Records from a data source
————————

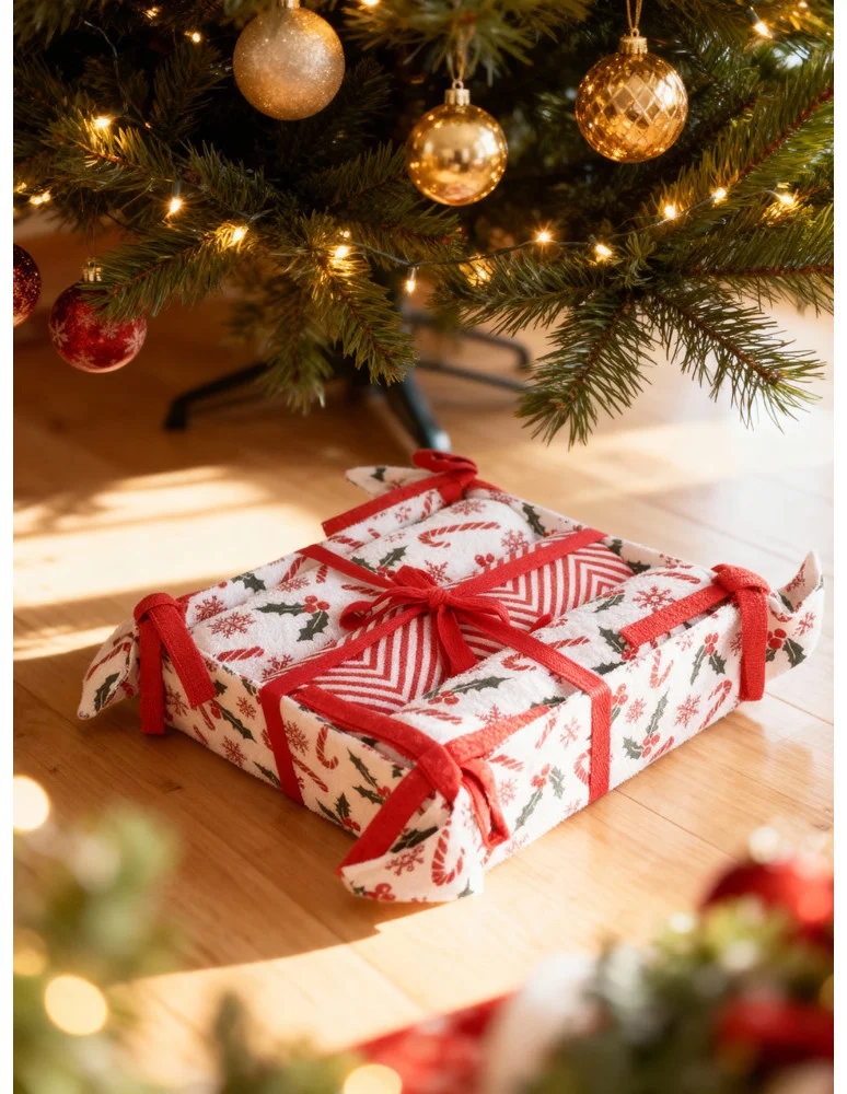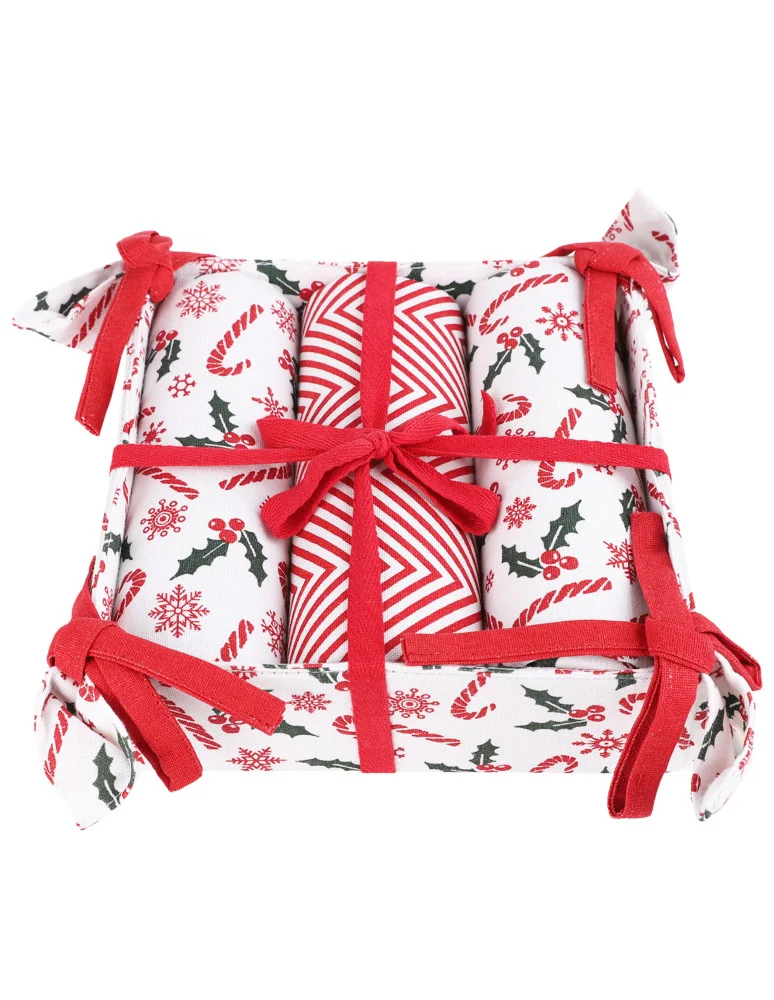 Ściereczki są zapakowane w elegancki koszyczek z materiału – idealny jako gotowy prezent świąteczny dla bliskich, przyjaciół lub jako dodatek do świątecznego wystroju kuchni. Koszyczek może posłużyć także jako organizer lub dekoracyjna taca.
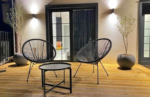 A stylish studio room (w/ private bathroom and patio garden) in a brand new 2022 boutique villa located in the historic old town of Ohrid overlooking the port and the main square.
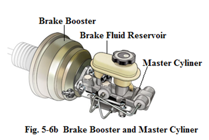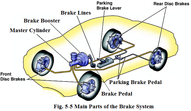 Typical braking system has the following basic parts: brake pedal, brake booster, master cylinder, brake lines and brake fluidas shown in Fig.5-8.
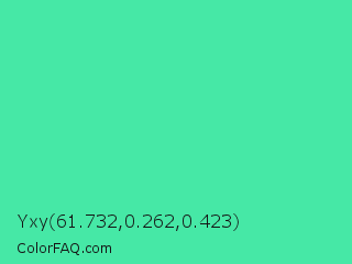 Yxy 61.732,0.262,0.423 Color is a normal green color and the nearest color is Eucalyptus #44d7a8. Hex code #46e8a6 and RGB value is rgb(70,232,166). In RGB color space, this color is composed of 27% red, 91% green, 65% blue, In CMYK color space, this color is composed of 70% cyan, 0% magenta, 28% yellow , 9% black , In HSL color space, this color has a hue angle of 156° , 78% saturation and 59% lightness.
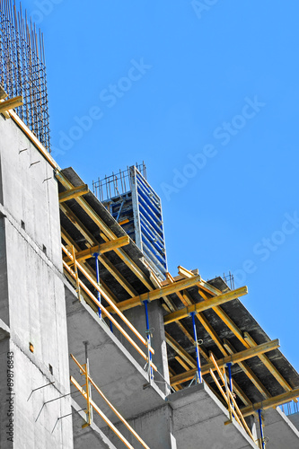 Building construction site work against blue sky
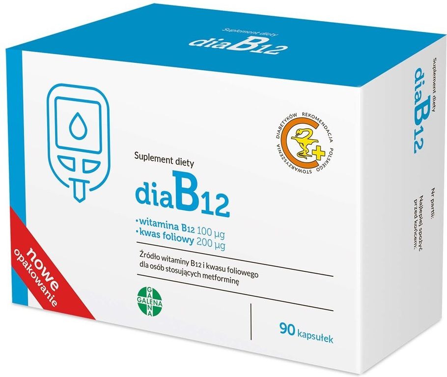 Galena Diab12 Witamina B Kwas foliowy, 90 kapsułek Opis produktu DiaB12 to suplement diety w formie kapsułek zawierający witaminę B12 w postaci cyjanokobalaminy oraz foliany w postaci kwasu foliowego (kwasu pteroilomonoglutaminowego). Produkt przeznaczony jest dla osób dorosłych w celu uzupełnienia codziennej diety w te składniki. Preparat dostępny jest w opakowaniu zawierającym 90 kapsułek. Zastosowanie Produkt rekomendowany jest do uzupełniania diety w witaminę B12 i kwas foliowy u osób dorosłych, w tym u osób mogących mieć obniżony poziom witaminy B12. Suplementacja ma na celu wspomaganie prawidłowego funkcjonowania układu nerwowego oraz procesów krwiotwórczych. Składniki Celuloza mikrokrystaliczna, żel celulozowy (substancja wypełniająca), żelatyna, skrobia modyfikowana, sole magnezowe kwasów tłuszczowych, dwutlenek krzemu, dwutlenek tytanu (barwnik), kwas foliowy, witamina B12, cytrynian trisodowy (nośnik), kwas cytrynowy (nośnik), błękit patentowy V (barwnik). 1 kapsułka zawiera: Foliany (kwas foliowy / kwas pteroilomonoglutaminowy) – 200 µg (100% RWS*), Witamina B12 (cyjanokobalamina) – 100 µg (4000% RWS*). Zalecane dzienne spożycie Dorośli: 1 kapsułka dziennie, najlepiej między posiłkami. Kapsułkę należy połknąć i popić wodą. Nie należy przekraczać zalecanej porcji do spożycia w ciągu dnia. Ostrzeżenia dotyczące bezpieczeństwa Nie stosować u osób uczulonych na którykolwiek składnik preparatu, w tym na cyjanokobalaminę lub kobalt. Produkt nie jest przeznaczony dla dzieci, młodzieży, kobiet w ciąży i karmiących piersią. Rzadko mogą wystąpić łagodne dolegliwości żołądkowo-jelitowe lub reakcje alergiczne. Suplement diety nie może być stosowany jako substytut zróżnicowanej diety. Osoby z chorobami przewlekłymi lub zaburzeniami wchłaniania powinny skonsultować stosowanie produktu z lekarzem. Warunki przechowywania Przechowywać w suchym i chłodnym miejscu, w sposób niedostępny dla małych dzieci. Chronić przed światłem i wilgocią. Temperatura przechowywania poniżej 25°C. Zawartość netto 90 kapsułek
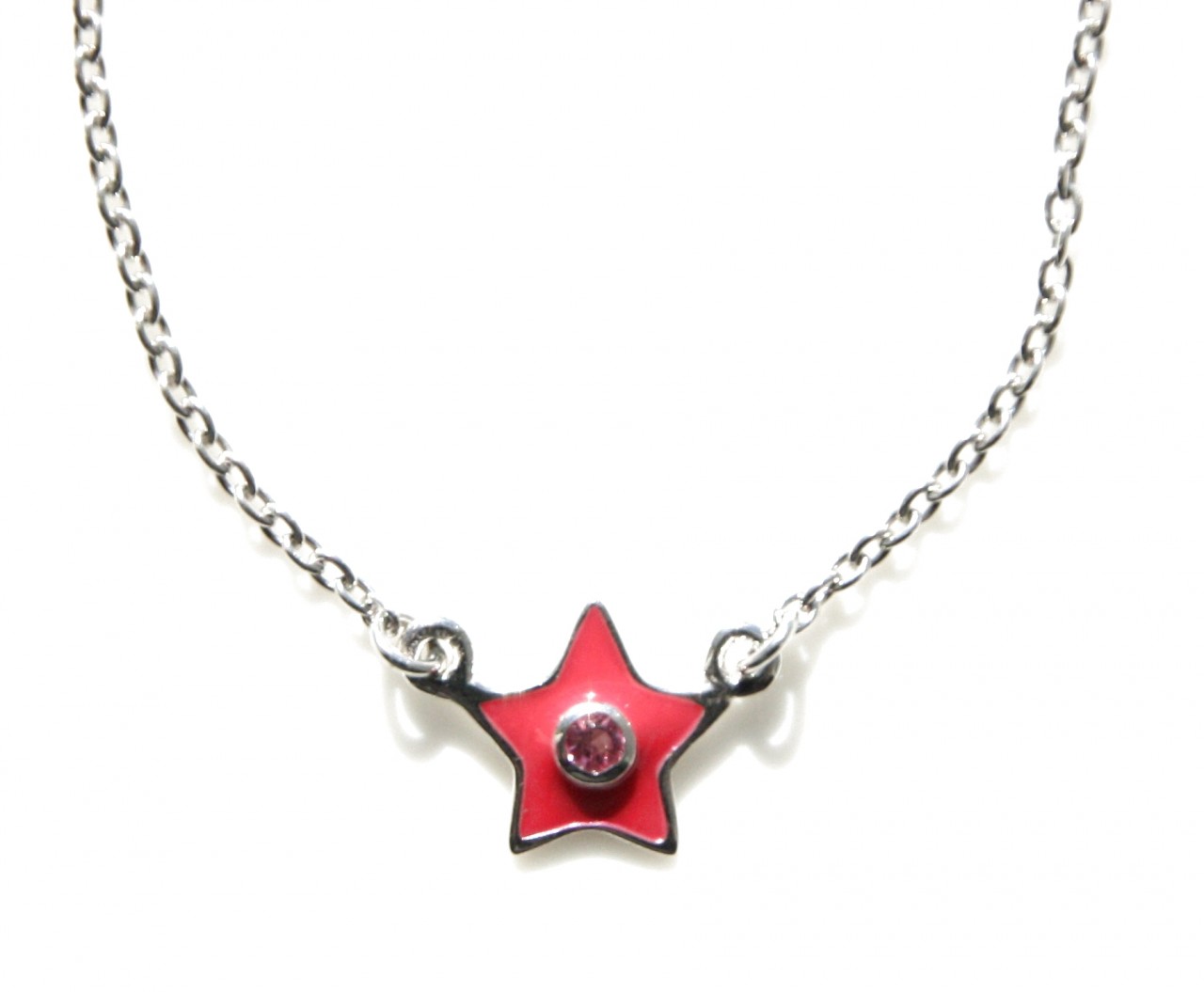 Zilveren kinderketting van ovale schakeltjes met vaste roze emaille sterhanger en in het midden een fonkelend roze steentje. Het kettinkje is in lengte verstelbaar.
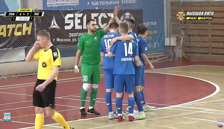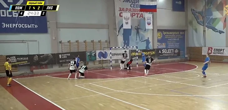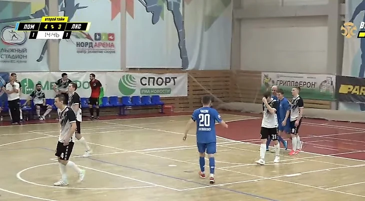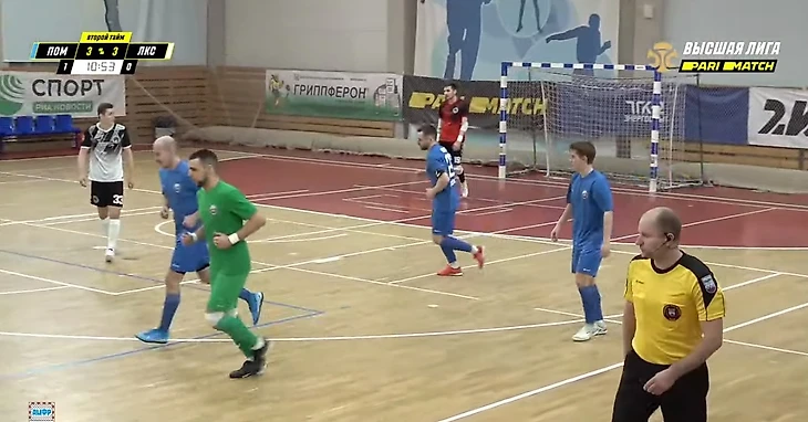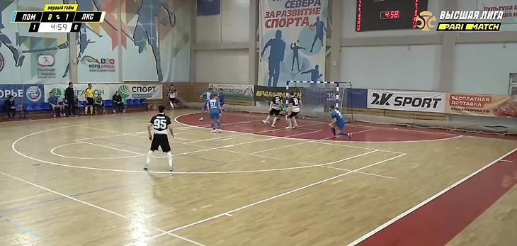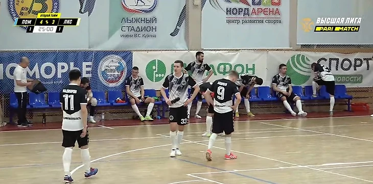 Вскоре чуть не повезло Александру Дунцу, после его удара мяч угодил в штангу. А завершился тайм неожиданным голом «Поморья». После флангового прохода Константина Чащина и рикошета от ноги защитника буквально только вышедший на паркет опытнейший Александр Трушков головой переправил мяч в ворота.
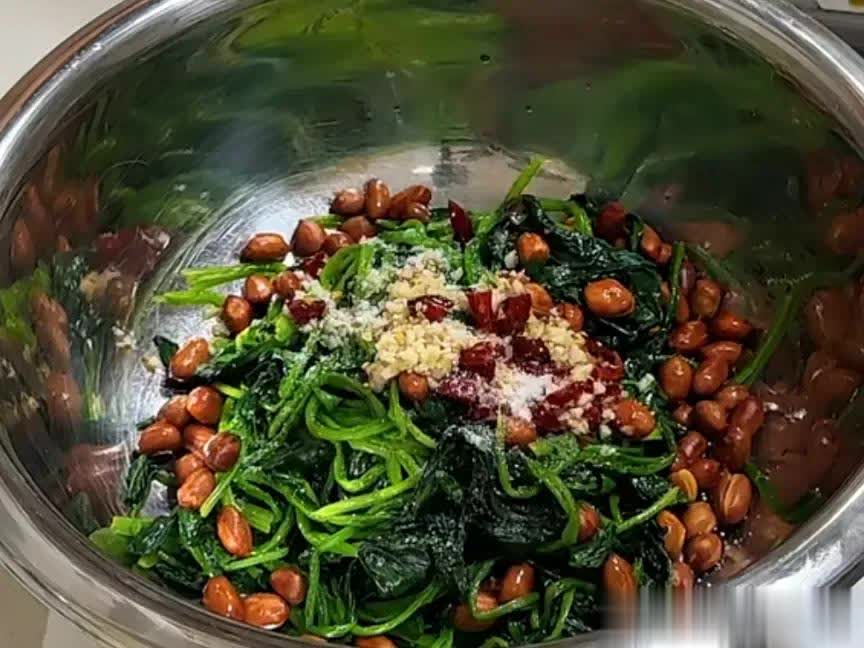 菠菜捞出来别直接拌,先挤干水分,挤到不滴水为止,这是入味的关键,不然水唧唧的挂不上调料,吃着寡淡无味。挤干水分的菠菜放进大碗里,加入蒜末,干辣椒段,泼一勺热油激发出香味,加半勺白糖,2勺生抽,1勺陈醋,1勺香油,少许盐和味精,喜欢吃花生米的,可以加一把花生米,这里的白糖千万别省,它不是为了甜,而是中和酸味,可以提升鲜味。
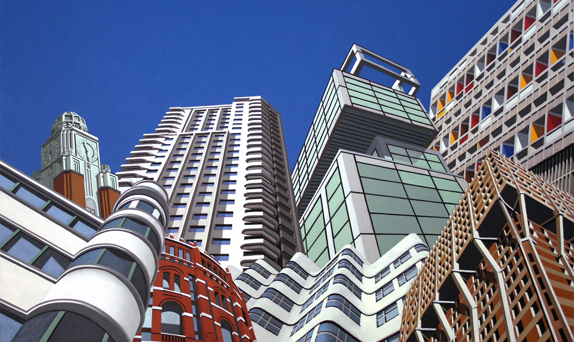 L'artista lavora da più di vent’anni, sulla rielaborazione pittorica delle architetture metropolitane, con una fortissima e progressiva stilizzazione degli elementi che tende, nell’estrema ricerca di sintesi, a sfiorare l’astrazione. L’architettura, nei suoi quadri, diventa qualcosa di pericolante, i suoi edifici iniziano a inclinarsi, a pendere obliquamente come moderne torri di Pisa.

————————

> [TASK TO CARRY OUT]: From the line containing "Вскоре чуть не" to the last line of the records above, return each line exactly, both ends included, and nothing more. Leave out the pictures.

> [RESPONSE]:
 Вскоре чуть не повезло Александру Дунцу, после его удара мяч угодил в штангу. А завершился тайм неожиданным голом «Поморья». После флангового прохода Константина Чащина и рикошета от ноги защитника буквально только вышедший на паркет опытнейший Александр Трушков головой переправил мяч в ворота.
 菠菜捞出来别直接拌,先挤干水分,挤到不滴水为止,这是入味的关键,不然水唧唧的挂不上调料,吃着寡淡无味。挤干水分的菠菜放进大碗里,加入蒜末,干辣椒段,泼一勺热油激发出香味,加半勺白糖,2勺生抽,1勺陈醋,1勺香油,少许盐和味精,喜欢吃花生米的,可以加一把花生米,这里的白糖千万别省,它不是为了甜,而是中和酸味,可以提升鲜味。
 L'artista lavora da più di vent’anni, sulla rielaborazione pittorica delle architetture metropolitane, con una fortissima e progressiva stilizzazione degli elementi che tende, nell’estrema ricerca di sintesi, a sfiorare l’astrazione. L’architettura, nei suoi quadri, diventa qualcosa di pericolante, i suoi edifici iniziano a inclinarsi, a pendere obliquamente come moderne torri di Pisa.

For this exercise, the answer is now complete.